Redução do analfabetismo funcional, diminuição do déficit na Educação Infantil e melhora da qualidade do ensino, principalmente no Ensino Fundamental e Médio, são alguns desafios, de acordo com o estudo “Dados sobre a educação de Campinas – Um panorama social, econômico e educacional”

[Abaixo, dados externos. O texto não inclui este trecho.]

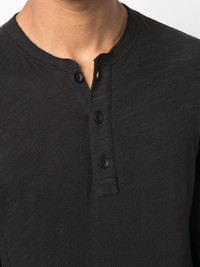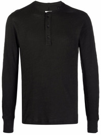 long-sleeve cotton top jet black cotton jersey knit round neck front button placket long sleeves straight hem Imported Composition Cotton 100% SIZE & FIT Model measurements Height 6 ft 2 in(1.87 m) Bust/Chest 38.18 in(97 cm) Hips 36.61 in(93 cm) Waist 29.13 in(74 cm) Measurement CHEST 40.94 in(104 cm) SLEEVE LENGTH 35.03 in(89 cm) LENGTH 27.16 in(69 cm) Shoulder Width 17.71 in(45 cm) FittingInformation This piece fits true to size. We recommend you get your regular size Cut for a slim fit Made with a mid-weight fabric Washing instructions Machine Wash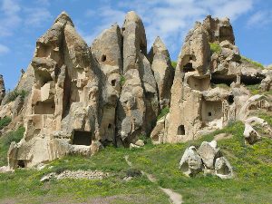 Несколько миллионов лет назад, еще в третичный период, в Анатолии произошло извержение вулкана Эрджиеш-Дагы — самой высокой горы Малой Азии. Потоки лавы, смешанной с пеплом, хлынули в долину Гереме и толстым слоем покрыли территорию в несколько тысяч квадратных километров. Потом за долгие века ветры унесли, дожди смыли легкие породы, а застывшая лава и спрессовавшийся пепел постепенно превратились в туф — мягкий в обработке и одновременно прочный строительный материал. Так появились высокие конусообразные скалы Каппадокии (местности в средней Анатолии) — целый лес разноцветных каменных столбов, шпилей, грибов и башен, тянущийся на десятки километров.

Reduzir o analfabetismo funcional, que é de cerca de 30% entre a população de 15 a 64 anos, diminuir o déficit de vagas na Educação Infantil, para crianças de zero a três anos, e melhorar a qualidade da educação no Ensino Fundamental e Ensino Médio. Estes são alguns dos grandes desafios educacionais em Campinas, de acordo com o estudo “Dados sobre a educação de Campinas – Um panorama social, econômico e educacional”, divulgado na manhã desta quinta-feira, 30 de julho, durante mais um Encontro Mensal do Compromisso Campinas pela Educação (CCE). O evento foi realizado no auditório da Fundação FEAC e também marcou o lançamento local do relatório “De Olho nas Metas 2013-14”, assinado pelo movimento nacional Todos Pela Educação.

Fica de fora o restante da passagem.